During those weeks, reflect and collect information about different forms of writing you engage in.
What is the first written language activity you are engaged in? Writing a note for a friend? Sending a text message? Posting a reply on someone’s social media post? Writing a social media post? Commenting on news or products online? Writing notes to yourself about things to remember to do during the day? Making notes while reading for your classes?
Do you engage in other kinds of writing activities, or is there more of the same? Are you writing a draft version of a paper for university? Writing fiction, blog posts, or consumer reviews?
Collect examples of the different kinds of written activity you engage in during the week. (You do not need to collect and analyze everything you write, but try to find at least 5 representative examples (=texts*) of different kinds of activities).
*Text is a term “used in linguistics to refer to any passage- spoken or written, of whatever length, that does form a unified whole.”
“A text is a unit of language in use.”
Halliday, M.A.K. and Hasan, R. (1976). Cohesion in English. London: Longman, pp. 1–2
- ACCOUNT FOR THE NATURE OF THESE ACTIVITIES USING THE FOLLOWING QUESTIONS:
Addressee(s) and relations between author and addressee(s)
Are you writing for yourself (no addressee) / one other person / several other people? Are there on-lookers?
What are the relations between you and the person/people you write for/to? Is the writing interactive? Are there differences in social status and power? Do you have personal relationships as friends, colleagues/course mates or are you strangers to each other? Do you belong to the same language communities, i.e. speak the same languages?
Medium and situation
What writing tool do you use? Pen and paper, computer, tablet, mobile phone? Is your writing online or offline? Does it take place on a particular social media site, or other specific situation or setting?
Production circumstance
Is your writing more or less planned? Do you revise and edit writing? Or is it produced quickly with minimal editing?
Communicative purpose
What is the purpose of your writing? Complete course work for the university? Support your own learning? Do you want to inform or report about something? Entertain? Explain? Persuade? Socialize with friends? Reveal something about yourself?
Domain and topic
Is your writing taking place in different domains of your life: family, social circle, education, workplace, social networks, government, sports? In your everyday life? In your student life? In any work life? Does it feature a specific topic, e.g. religion, sports, politics, music, clothes, food, etc.?
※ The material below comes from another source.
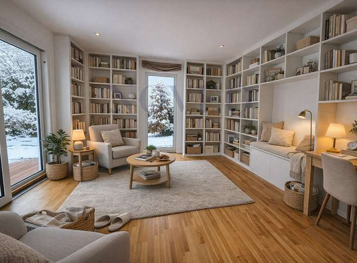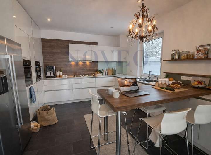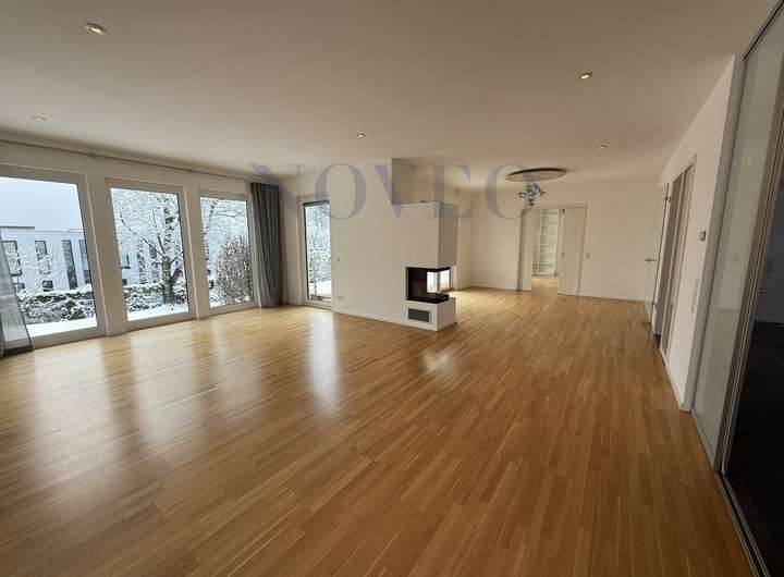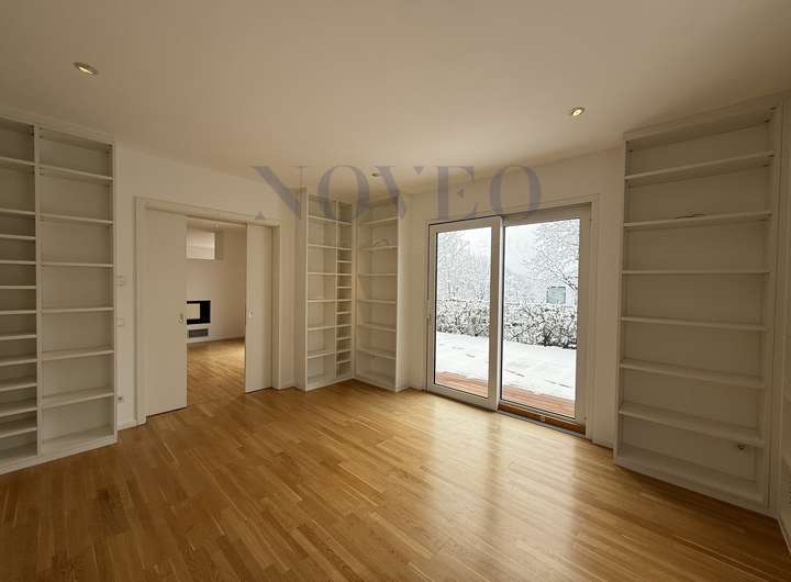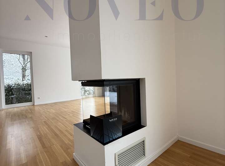 Herzstück des Hauses ist der offen gestaltete Wohn- und Essbereich mit bodentiefen Fenstern und offenem Kamin, der eine besondere Wohnatmosphäre schafft. Eine separate Bibliothek ergänzt den repräsentativen Bereich und kann – ebenso wie die großzügige Wohnküche – über raumhohe Glasschiebetüren flexibel zum Essbereich hin geöffnet werden. Auf dieser Ebene befinden sich zudem ein separater Gästebereich mit eigenem Badezimmer sowie ein hochwertiges Einbauschranksystem im Eingangsbereich. Die sich anschließende, mit WPC-Dielen ausgestattete Süd-Terrasse bietet viel Platz für Ihre Gäste, vergrößert in der warmen Jahreszeit Ihren Wohnraum ins Grüne und unterstreicht damit den besonderen Charakter dieser Immobilie.

You can do this by entering your activities into a table, see the example below where one activity (a text message to a friend) is filled in.
Type of activity = Text
Addressee(s) and relations
Medium and situation
Production circumstance
Communicative purpose
Domain and topic
Text message to friend about meeting for wine
Addressed to one person who is a friend
Mobile phone using Messages
Relatively un-planned and not heavily edited
Check availability and make a plan (social)
Everyday life, topic: social meeting/drink
If you prefer you can simply write a short paragraph for each text instead of presenting the information as a table.
- REFLECT ON LINGUISTIC CHOICES AND FEATURES
Use the account above and reflect on language choices in your different texts. Do they differ with respect to languages used (e.g. English, German, Farsi, etc.)? What determines the choice of language? Do you use different registers in your writing? What influences choices about informality and politeness? Where are non-standard forms and devices such as emoticons used?
Overall work plan:
- For the lecture: Read the instructions carefully and come prepared with questions to Lectures about Standard English, Language Use, and Register Variations in Portfolio/ Production sub-module. Also, prepare by thinking about what writing activities you do in a day.
- For the seminar: Collect and account for five written activities (texts) you have engaged in during one day. (Try to choose activities (texts) that are not too similar. ) Use the questions in the portfolio assignment to guide your account.
- Use the discussion and feedback from the seminar to write the final reflection part of the assignment. Submission Friday, December 10, 23.59.
A note on the structure of your submission:
Start with a very brief introduction where you say something about the task and about how you selected the five texts.
Then include your account of the texts either as a table or as short paragraphs explaining the nature of the text with examples by using the situational characteristics (Addressee and relations; Medium and situation; Production circumstance; Communicative purpose; Domain and topic).
Finally, write five short reflective paragraphs; one for each text. Here you need to reflect on one or two significant features in each text and explain how the choice of each feature relates to situational characteristics of the text.